Below is a map with Bukhara, Uzebkistan marked (I was a little vague on exactly where Uzbekistan is myself). My aunt and uncle told me it was one of their more memorable vacations, and they’ve been on some really memorable vacations. It’s now on my list of places to visit someday.
I found an excellent article by Maria Mallet about suzanis:
“The suzani embroidery threads are silk. Two traditional stitches are used in a majority of the pieces: primarily basma stitch, sometimes called Bukhara couching, and less often, chain stitch … Chain stitch is normally done with a fine tambour hook that’s much like a tiny crochet hook. A suzani may be worked entirely with chain stitch, or the technique may be combined with basma couching. Chain stitch is most often used for outlining couched areas or for producing delicate linear elements and fine details.” (Suzanis from Uzbekistan)
Here are a few a closeups of the wall hanging, where you can see exactly that (though I don’t know whether this one is silk or not):
Fortunately for us, Mary Corbet has written a whole post about Bukhara couching, plus a video tutorial. Personally, I’m thinking hard about how to incorporate some Bukhara couching into my current embroidery pieces. It’s really lovely.

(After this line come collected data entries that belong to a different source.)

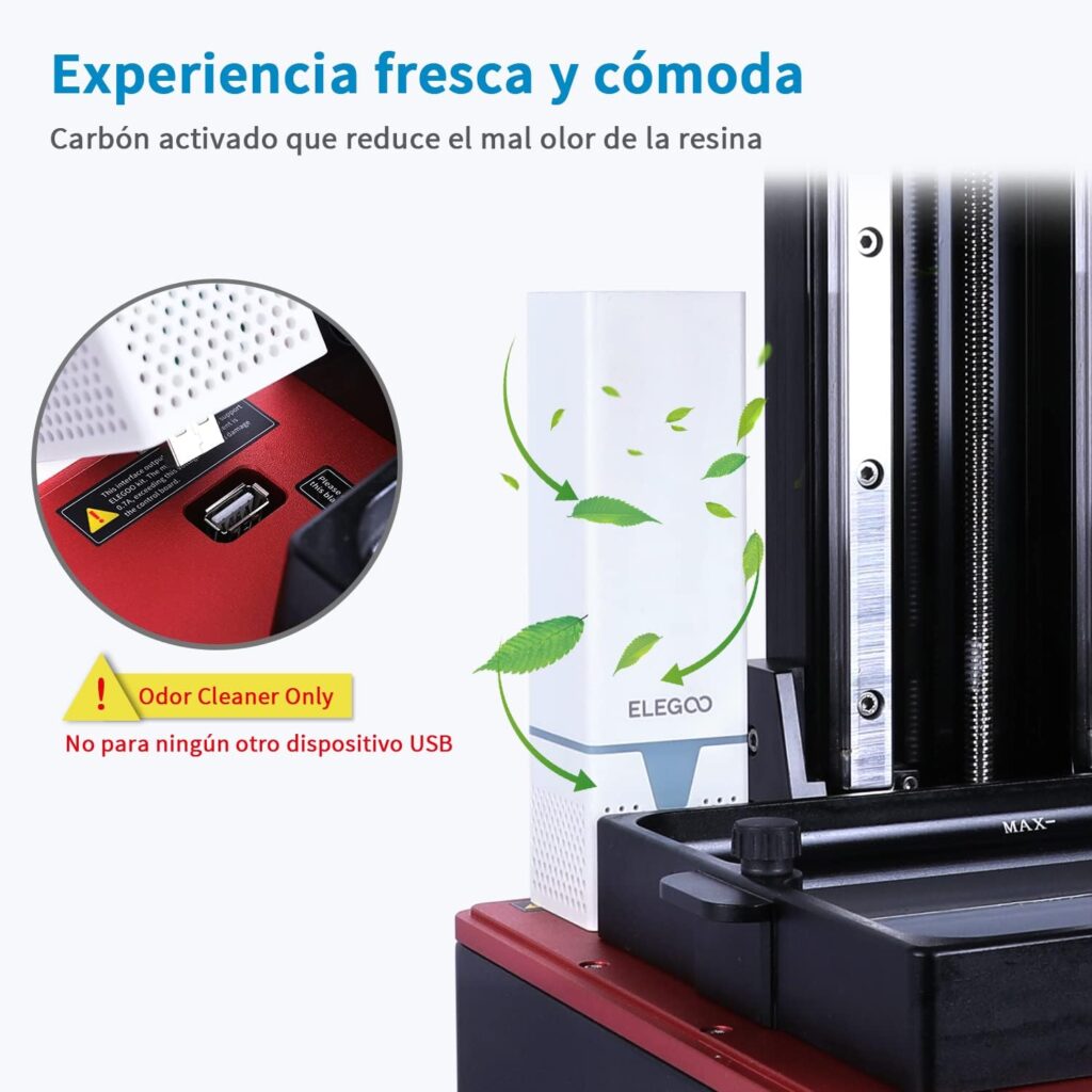 Experiencia de Usuario Mejorada Incluye un purificador de aire que reduce el olor de la resina y garantiza una experiencia de usuario más agradable y fresca. Nota: el puerto USB cerca del purificador de aire solo se utiliza para el mismo propósito.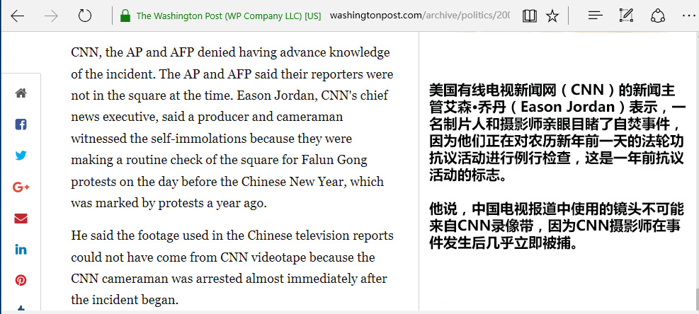 ![]() (《华盛顿邮报》二零零一年二月九日报道,CNN否认《焦点访谈》特写镜头来自CNN) |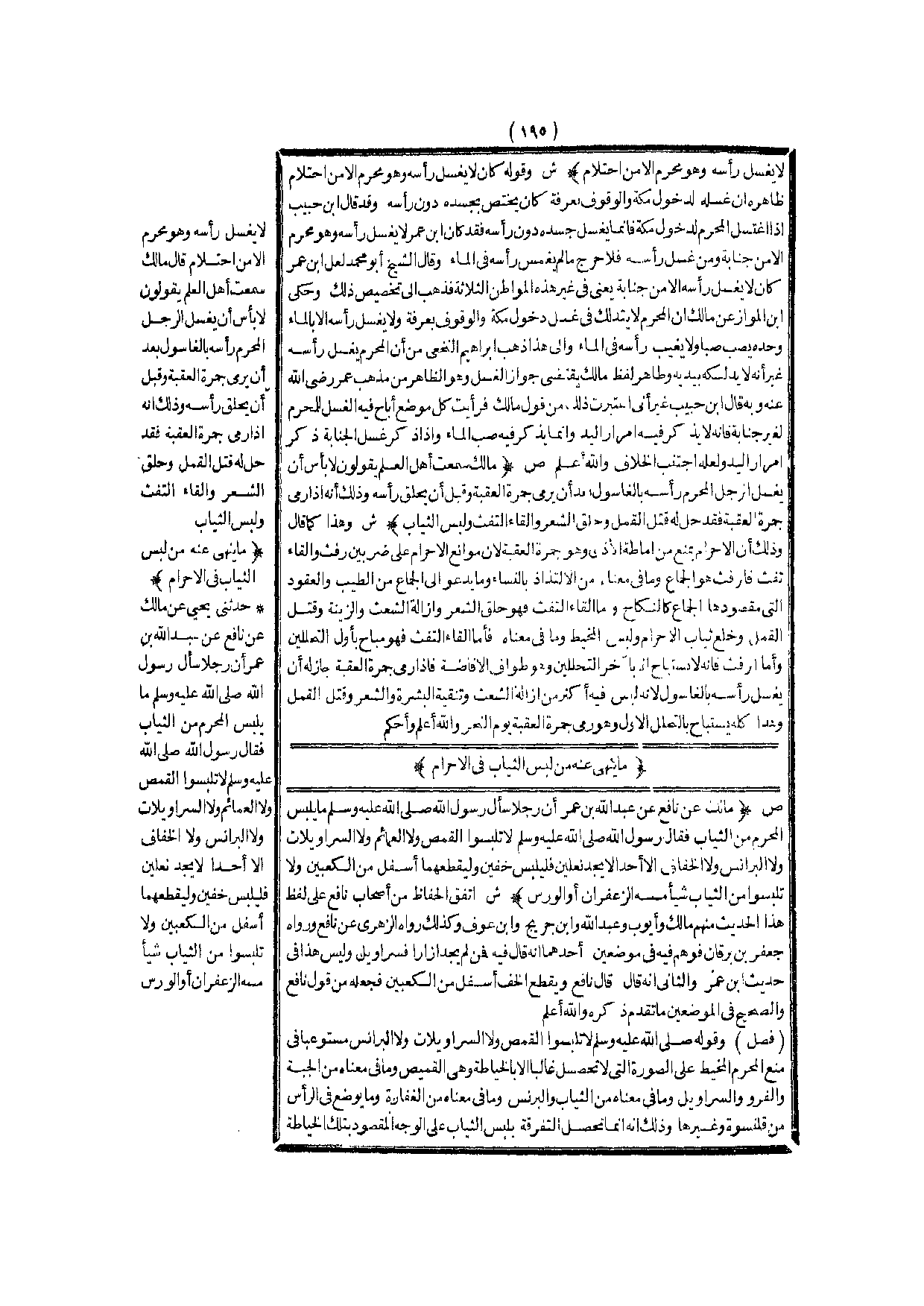 مَا يُنْهَى عَنْهُ مِنْ لُبْسِ الثِّيَابِ فِي الْإِحْرَامِ (ص) : (مَالِكٌ عَنْ نَافِعٍ عَنْ عَبْدِ اللَّهِ بْنِ عُمَرَ أَنَّ «رَجُلًا سَأَلَ رَسُولَ اللَّهِ - صَلَّى اللَّهُ عَلَيْهِ وَسَلَّمَ - مَا يَلْبَسُ الْمُحْرِمُ مِنْ الثِّيَابِ؟ فَقَالَ رَسُولُ اللَّهِ - صَلَّى اللَّهُ عَلَيْهِ وَسَلَّمَ -: لَا تَلْبَسُوا الْقُمُصَ وَلَا الْعَمَائِمَ وَلَا السَّرَاوِيلَاتِ وَلَا الْبَرَانِسَ وَلَا الْخِفَافَ إلَّا أَحَدٌ لَا يَجِدُ نَعْلَيْنِ فَلْيَلْبَسْ خُفَّيْنِ وَلْيَقْطَعْهُمَا أَسْفَلَ مِنْ الْكَعْبَيْنِ وَلَا تَلْبَسُوا مِنْ الثِّيَابِ شَيْئًا مَسَّهُ الزَّعْفَرَانُ أَوْ الْوَرْسُ» )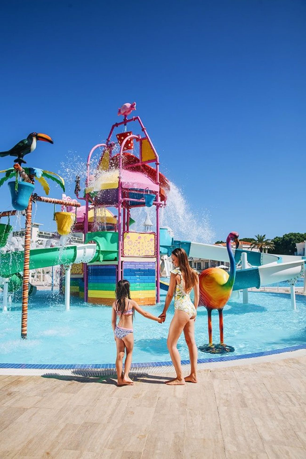 Основен ресторант, 3 а-ла-карт ресторанта (средиземноморски, турски, италиански– 1 безплатно посещение при минимум 7 нощувки), интернационален ресторант (с а-ла-карт обслужване), сладкарница, 6 бара, 2 открити и 1 закрит басейн, аквапарк, СПА център, магазини, конферентна зала.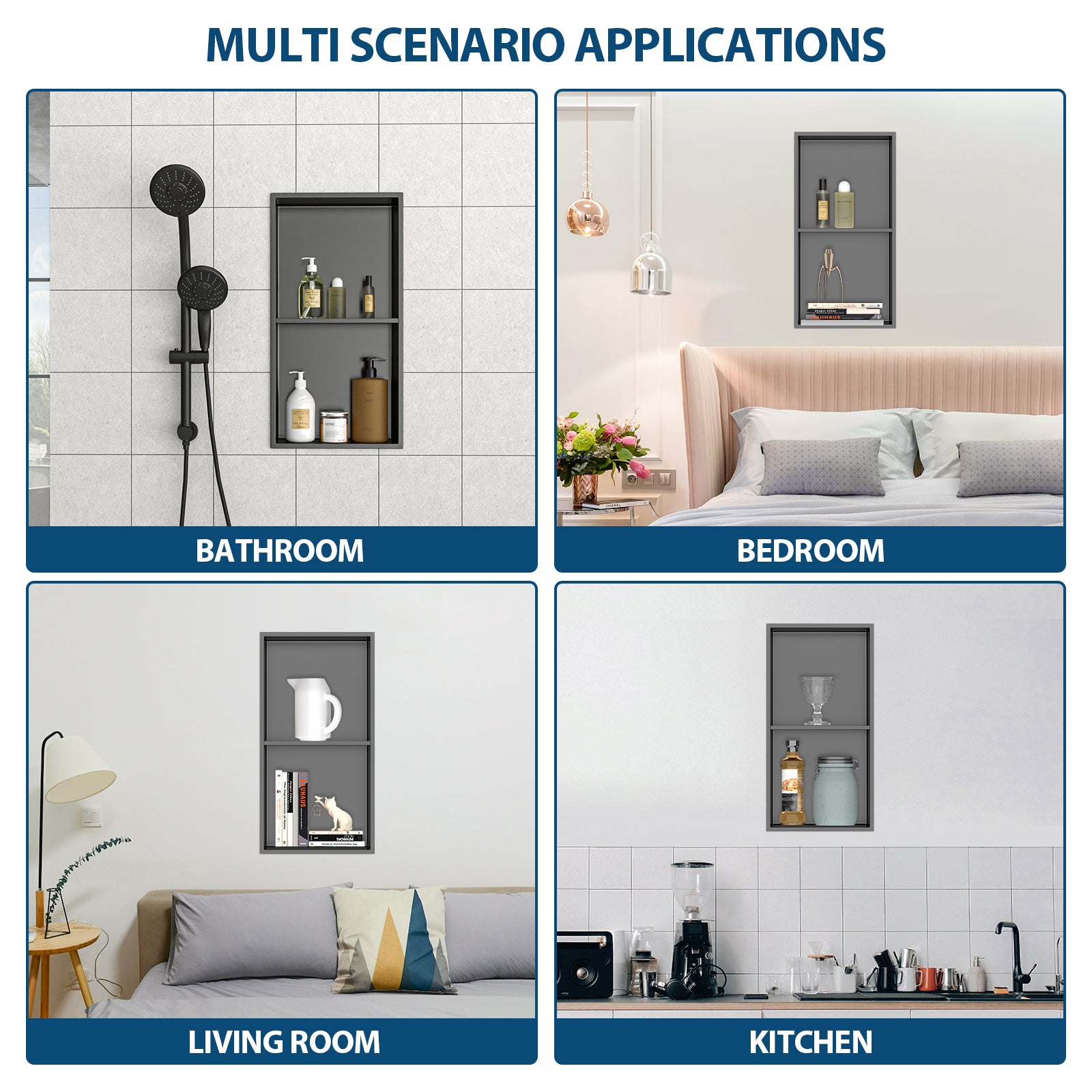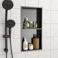 13" X 25" Stainless Steel Shower Niche Double Shelf, Gunmetal Black Gunmetal Black Stainless Steel

Something interesting about this particular wall hanging: there are a couple of spots where the embroiderer seems to have run out of thread halfway through a motif and switched colors.
Flowering vine motifs are very common in suzanis. For additional reading on history and common motifs in suzanis, you can check out the article Splendid Suzanis by Caroline Stone.
Now, I took a ton of photos of the suzani. It’s absolutely gorgeous in person. In hopes of conveying at least some of its beauty, I’m going to finish the post with a pile of extra photos.
I’ve seen that random switch of colour, as though the embroiderer ran out of thread, in a few other pieces, mostly what academics refer to as “Folk Embroidery” – in which case they probably did, quite genuinely, run out of thread of the right colour!